慕毅瑾见如月一脸哭腔样,也不知什么事,便问道“何事如此慌张?”
如月刚因为盼天盼地终于盼到要找的人一时竟然有些无与伦比了“不……不好了。主……子的……”
如月说一半竟已经大哭起来。慕毅瑾见她如此再加上她那声“主子”,脑袋一热,迈起大步就往太子府赶。
太子府的人已经混乱起来。慕毅瑾看着云思兰的房间埋没在大火中,曾经的记忆全部涌入大脑。熊熊的烈火似乎烧不尽般不断吞噬着这儿的一切。
“衣服!衣服!”突然如月大声哭喊着“太子,求求你,主子心爱的衣服在里面!求求你……”如月突然跪在慕毅瑾前面,边哭边乞求着。想到云思兰当初一直都没舍得穿的运动服,还有没有送
出手的衣服就要被大火吞噬,如月实在不能眼睁睁看着那些主子视为宝物的衣服就这样消失。
“如月,你说清除。什么衣服?说清除”慕毅瑾一直很关照如月,毕竟她是云思兰贴心的丫鬟。想要拉起跪着的如月,可是如月似乎并不打算起来。

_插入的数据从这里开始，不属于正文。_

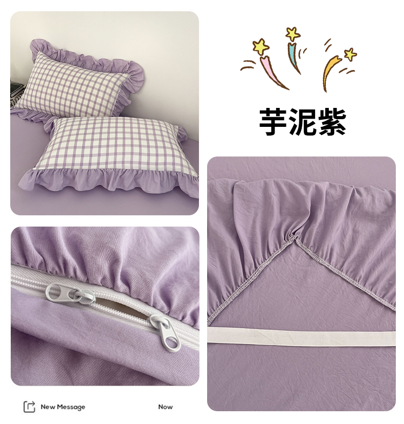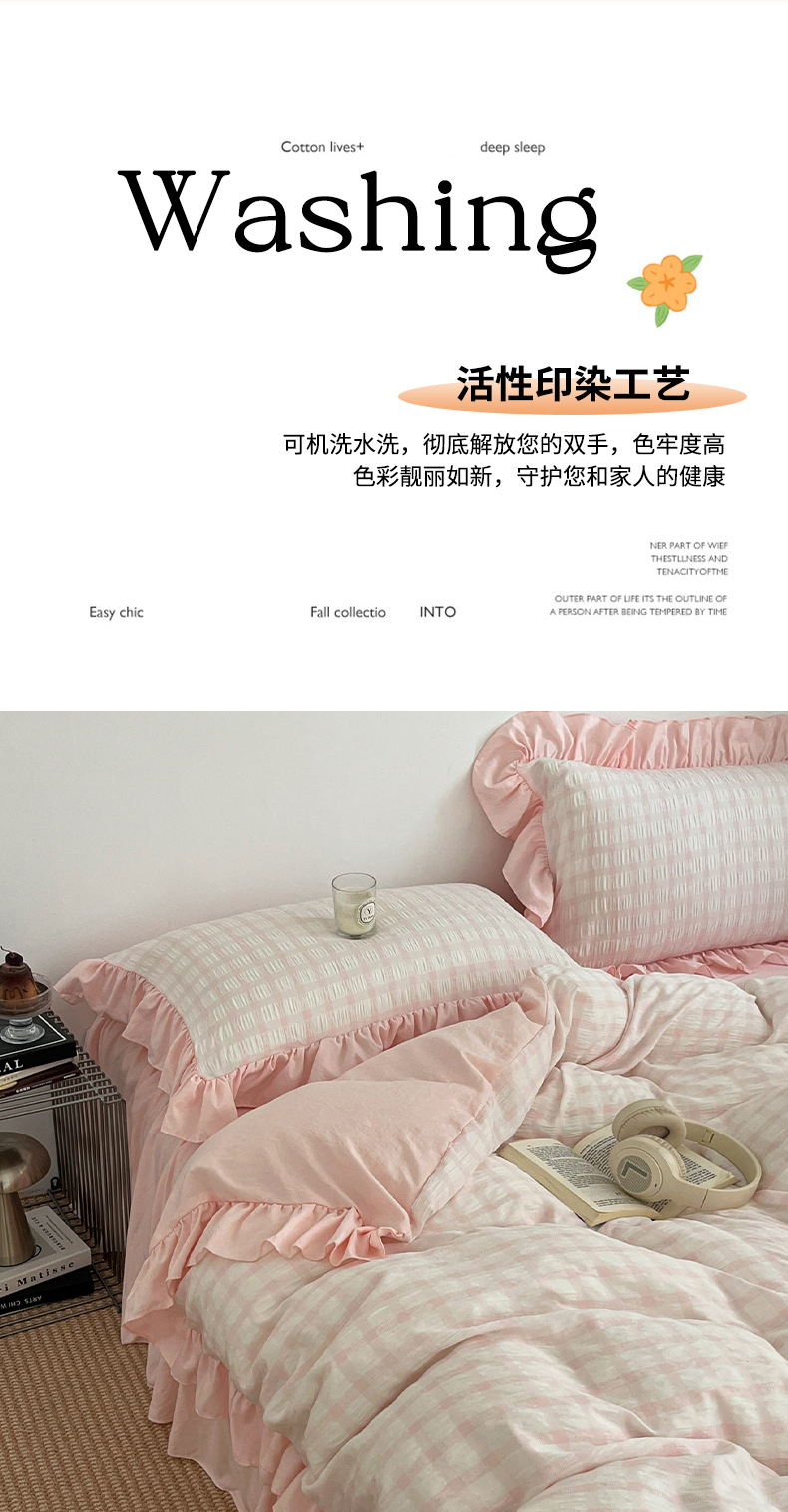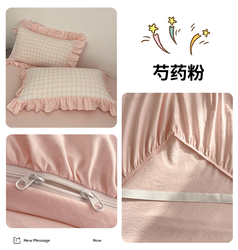 乐卧家居 2026新款韩系千禧梦核复古回潮少女感格纹褶皱款荷叶边四件套 千禧-芍药粉

“主子……主子一直珍爱的衣服在里面!怎么办啊……”如月哭喊着。
慕毅瑾送来如月,拦住了正从旁边端着水准备救火的太监。接过他手上的水盆就往自己身上倒。顿时水如瀑布般从他的头顶往下冲。整个人立刻便湿透。没有顾及旁边人的惊异表情,慕毅瑾
甩掉木盆便往已经烧的“咔咔”作响的房间去。
“太子爷!不要进入啊!”后面反应快的人立刻呼叫起来“快叫太医!快去叫太医!”
如月趴在地上长着大嘴看着都快烧的不成样的房间,脸上已经不知道是自己的泪水还是刚才溅到脸上的水不断的往地上滴水。周围的人仍旧匆忙的继续救火,脸上算是惊慌。还有几个宫女跪
在一边不断擦拭着脸上的泪水,也不知是为了还没回的主子哭还是为了什么。
站在远处的静宁,像似得逞的在笑,但是眼神里又有许多哀愁。
这世界,总有那么几个人会因为一时的冲动而迷失自己,但是当清醒过来时,哀愁失落感便占据全身,发现,自己的行为仍旧改变不了什么。
绑架17
“你会来吗?”云思兰默默地看着手机的玉佩。蓝恋?我似乎到现在都没搞清楚它的来历。
“云姑娘,吃点东西吧。”红粉拿了一些干粮进来。
云思兰苦笑一声,他怎么会来呢。收起了玉佩,有些艰难的往前移了下。一大早自己就在轿子里,也不知道这不停幌着的轿子要去哪里。而且她的腿还被绳子系着在,是怕她自己逃跑吗?可
笑,她一个什么武功都不会的弱女子怎么可能对的过轿子外面好几个都会武功的大男人。不过,昨天晚上倒下去时还以为自己死了,没想到还可以看到今天的太阳,是不是要感激下雪凌寒留
我一条性命呢?
“云姑娘,你也不要生爷的气”红粉有些为难的说着,还不忘帮我柔下有些麻的小腿“只是怕你……怕……”红粉又不好把逃跑二字说出来。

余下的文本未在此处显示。